Un nom avec une signification particulière
Le nom de l’entreprise, Atelier Les Becs-Scie, n’a certainement pas été choisi au hasard. Le bec-scie est l’un des plus grands canards du Québec, aussi appelé Grand Harle. « C’est un oiseau aquatique, un canard aquatique, ça rappelle donc le canot, à cause de l’eau et la nature. Dans Becs-scie, il y a le mot scie qui représente l’atelier d’ébénisterie et le mot bec qui représente le couple. L’image choisie, c’est deux becs-scie, un mâle et une femelle. » En choisissant ce nom, le couple voulait également faire un clin d’œil à leur ami qui possédait une boutique de plein air spécialisé dans le canoë-camping appelé Le Huard et de qui ils ont appris le métier.

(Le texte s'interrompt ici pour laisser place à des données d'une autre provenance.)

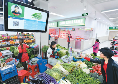 2017年11月29日,在安徽合肥瑤海區(qū)勝利智能農(nóng)貿(mào)市場,市民在掃碼支付。張大崗攝(新華社發(fā))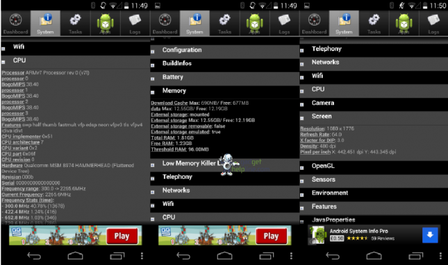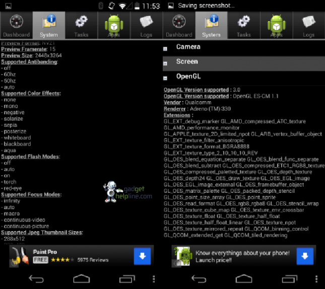 De plus, une rumeur relayée par Android Authority nous présente des screenshots qui auraient récupérés sur le Nexus 5, confirmant les spécifications telles que le Qualcomm MSM 8974, un quadricœurs cadencé à 2,2 GHz, un processeur graphique Adreno 330, couplé à 2 Go de mémoire vive, 16 et 32 Go de mémoire vive, un écran offrant une résolution Full HD (1776 x 1080 pixels) avec une densité de pixels de 444 ppi. Un appareil photo 8 mégapixels avec autofocus arriverait sur la façade arrière.

Selon M. Lemay, la partie restauration risque de prendre une plus grande place dans l’entreprise que la fabrication. « Même si tu veux fabriquer des canots, c’est plus la restauration qui va te faire vivre. Parce que la fabrication, ton canot est neuf, dans les cinq premières années, à moins qu’il t’arrive une bad luck, t’auras pas besoin de venir me revoir. » Malgré tout, ils aimeraient bien pouvoir profiter de l’hiver pour fabriquer de nouvelles embarcations et faire les restaurations durant les autres saisons.